3.  The more complex a markup language, the fewer people understand it,
     the less conformant the average article will be, so the less useful
     the Web's semantics will be. Current HTML authors may clamour for
     new features, but they have forgotten what it was like to be a new
     HTML author; and new authors are neither subscribed to this list nor
     employed by browser vendors, so it is easy to forget about them.

So if <section>, <navigation>, <header>, <footer>, <article>, and 
<sidebar> are introduced, with the default presentation currently 
suggested {display: block; margin: 0;}, I predict the following:

*   The A-list of Web developers will begin using all the elements
     correctly on their Weblogs, and they will feel good about it.

*   A greater number of Web developers will never use most of these
     elements, but they will replace all occurrences of <div> on their
     pages with <section> because it's more "semantic" (just like they
     did with <em> for <i> and <strong> for <b>), and they will feel good
     about it.

*   The vast majority of article producers (Weblogs and online
     newspapers) will never use <article>, because there's no visual or
     behavioral benefit from doing so. So <article> will never become a
     reliable way of dissecting or aggregating pages.

*   The number of knowledgable HTML authors, the proportion of HTML
     pages that are valid, and therefore the overall usefulness of the
     Web, will be less than it otherwise would have been because of
     HTML's increased complexity.

One way of improving this situation would be to reduce the number of 
new elements -- forget about <article> and <footer>, for example.

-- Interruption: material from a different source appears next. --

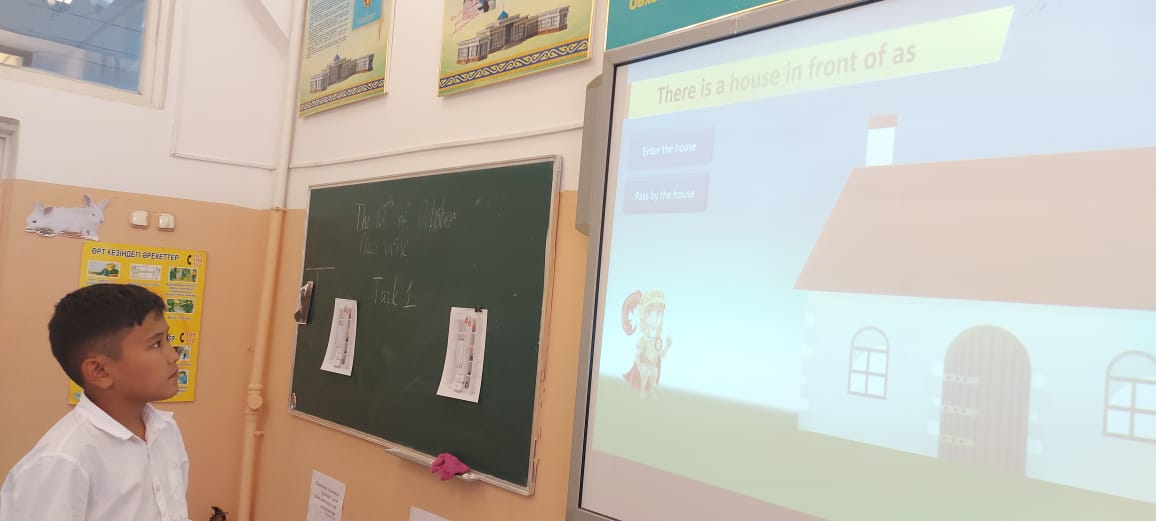 Сабақтың мақсаты: Demonstrative Pronouns атты жаңа грамматикасымен танысып, жануарлар тақырыбымен байланыстыра отырып тапсырмалар орындау. Сабақ "Story telling" әдістеме арқылы сабақ өтілді. Сонымен қатар сабақ барысында тіл үйренудегі төрт дағдылар (айтылым, оқылым, тыңдалым және жазылым) қамтылды.

Another way would be to recommend more distinct default presentation 
for each of the elements -- for example, default <article> to having a 
drop cap, default <sidebar> to floating right, default <header>, 
<footer>, and <navigation> to having a slightly darker background than 
their parent element, and default <header>...<li> and <footer>...</li> 
to inline presentation. This would make authors more likely to choose 
the appropriate element.

A complementary long-term approach would be to deprecate the most 
redundant and/or least effectual elements and attributes from HTML 4.01 
-- for example, <acronym>, <big>, <small>, <q>, <var>, accesskey=, 
cite=, longdesc=, and name= -- in preparation for removing them. This 
would eventually help reduce the complexity of the spec.

Matthew Thomas

Received on Wednesday, 10 November 2004 05:57:07 UTC